Referrals and Billing Info

Referrals​

Texas is currently a limited direct-access state for physical therapy treatment. This means that you can get started with PT without a referral, however after 10 business days following the date of your initial PT evaluation you will need to obtain a PT referral from one of the following providers: physician, physician assistant, nurse practitioner, chiropractor, podiatrist (for foot/ankle problems), or a dentist (for oral/TMJ problems). If you have questions on how to obtain a referral, our staff is happy to assist with this process and answer any questions you may have.  

Billing

BODY WORX Physical Therapy is an out-of-network/cash-based practice, which allows each session to be delegated by your specific needs rather than your insurance contract. This means that we do not take insurance, however we are more than happy to provide the necessary information you need to file to your insurance company for potential out-of-network reimbursement. Reimbursement will vary based on your specific insurance provider and out-of-network PT benefits. 

Payment for PT services at BODY WORX PT are due at the time of services rendered.
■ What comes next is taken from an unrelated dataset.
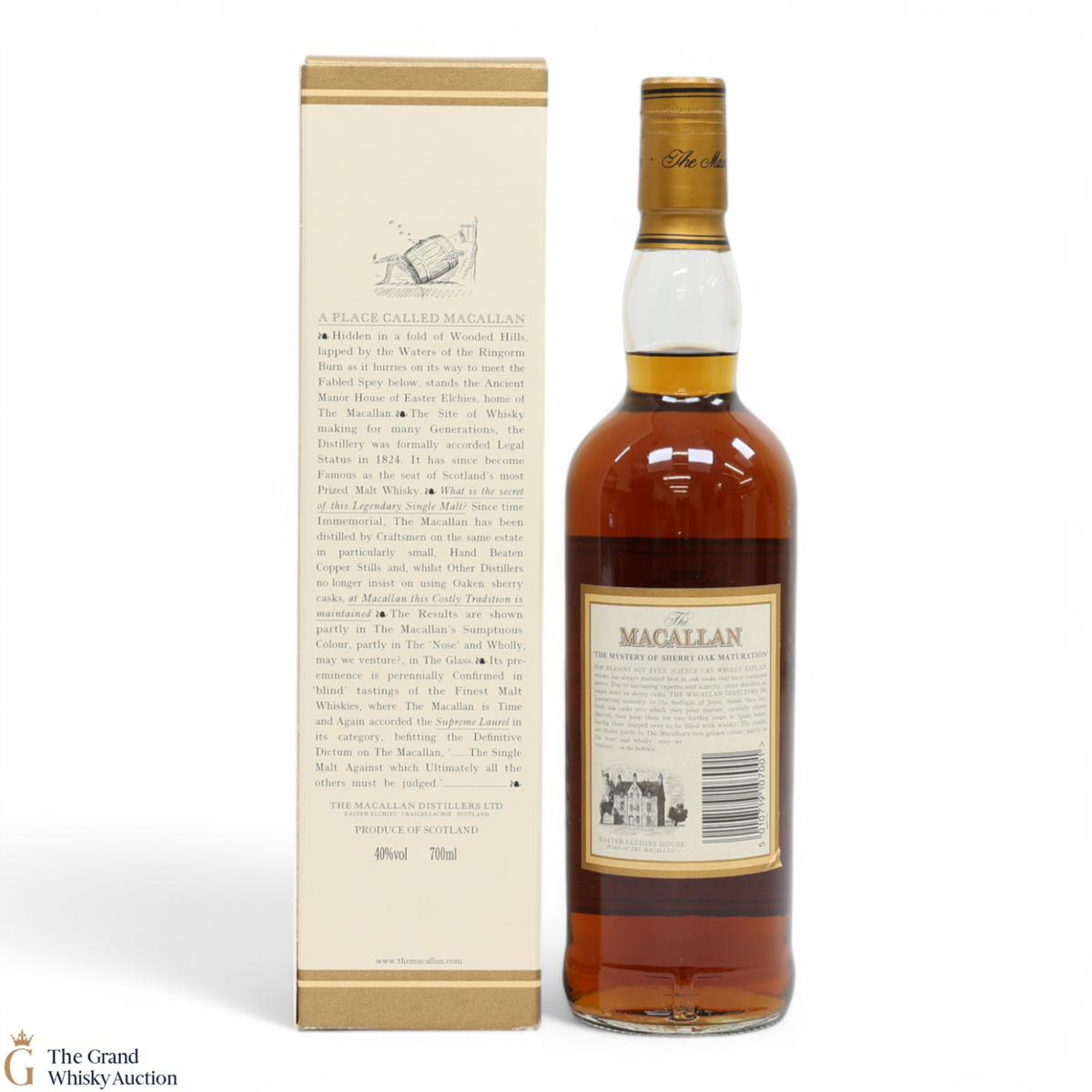 This single malt was distilled at the world-renowned distillery, Macallan, known for its sherry-seasoned cask finishes. It matured for a total of 10 years in sherry casks before being bottled in the 1990s.

If you have any questions regarding our billing processes, rates, and/or how to file for insurance reimbursement please call our office manager at 325-261-0043

We know you're considering your options when choosing a physical therapy route, some here are some quick thoughts on the difference between our model and traditional physical therapy. 

Here at BODY WORX, we are a direct-pay physical therapy clinic, which means you pay for our services upfront. Now, most people hear that and think, "Wow, that must be expensive" or "Well, I have insurance so why would I pay upfront?"
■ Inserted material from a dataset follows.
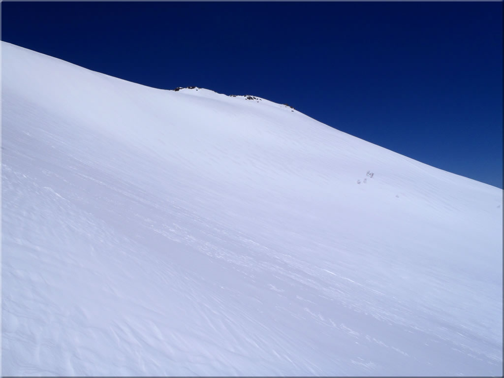 斜度がゆるむと雪は一気にさらさらとなります。ただ風もそれなりに出てきました。

Direct pay physical therapy is a very new concept, so we understand where the second-guessing may come from.  BUT, there are so many reasons why we chose to be a cash-based PT clinic --

Direct Pay vs Insurance

  • 60 minutes 1-on-1 session with PT vs 15 minutes and then handed off to aide

  • Look at the whole body to fix the root cause of your problem vs just treating the injury site

  • Sessions based on YOU and your lifestyle vs sessions based on where your pain is and what insurance will cover

  • Use progressive modalities like dry needling and lifting weights vs using hot packs, ultrasound, and bands every session

  • Work with the same PT every session vs going through multiple providers

  • Ability to work on strength training vs just being able to do what insurance will reimburse for

  • Save time with 1 session a week vs multiple 15-30 minute sessions per week

  • 100% of cost known vs hidden insurance fees you pay back months after

  • We can help you submit a claim (superbill) to potentially receive out-of-network reimbursement $$

    ..and the list goes on, and on

In fact, the biggest deterrent for most people is cost -- but we are here to tell you that in most instances insurance-based physical therapy will end up costing you more out of pocket than you think!

For insurance-based physical therapy, most people we see have an in-network deductible of at least $2,000.  This means that you pay out of pocket each time you go to PT until you hit that $2,000 mark. 
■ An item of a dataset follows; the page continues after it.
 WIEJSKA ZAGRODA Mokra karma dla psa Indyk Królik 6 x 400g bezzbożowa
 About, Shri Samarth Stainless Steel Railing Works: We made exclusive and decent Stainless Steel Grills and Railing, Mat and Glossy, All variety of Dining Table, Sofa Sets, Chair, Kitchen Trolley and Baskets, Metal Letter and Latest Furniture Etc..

Let us repeat -- Insurance will not start helping you out until you hit your $2,000 deductible. Then once you do, your coinsurance will start to kick in and then your price per session will eventually go down. So at the end of the day, you're still paying until you hit your deductible; and those co-pays add up fast. 

In most instances, if you're going to an insurance-based clinic they have you on a twice-per-week plan. This means you're getting 60-minutes total per week of PT, but paying your co-pay twice. For most people, that's over $70 dollars per week for two shortened sessions, accompanied by several other patients and a therapist who is just trying to survive seeing 22+ patients a day.

Insurance is super confusing and is one of the reasons I'm glad we didn't go down that route. I've heard multiple horror stories of people going to physical therapy for 12, 24, or even 6 months and after getting discharged being hit with multiple hundreds of dollars bills that they were not expecting.  So, they paid their co-pay each time, PLUS an unexpected medical bill at the end from their insurance company.

All in, that's almost $3K worth of insurance physical therapy in which you didn't get proper care, and as soon as you go back to your active lifestyle the injury returns. This is frustrating to acknowledge, but unfortunately, that's the reality. 

At the end of the day, our Cash-Based Model might be more expensive up front, but in the long run, you get the care you deserve, become pain-free faster, have lasting results, and ultimately save money. In our Cash-Based Model, you know what you owe up front, and that's it!  

Plus -- you probably have out-of-network benefits that you can utilize for reimbursement about a month into your PT plan.  So, not only will you not get hit with a bill later on, you may actually get a check from your insurance company in return!! Many of our patients have received 30-100% reimbursement!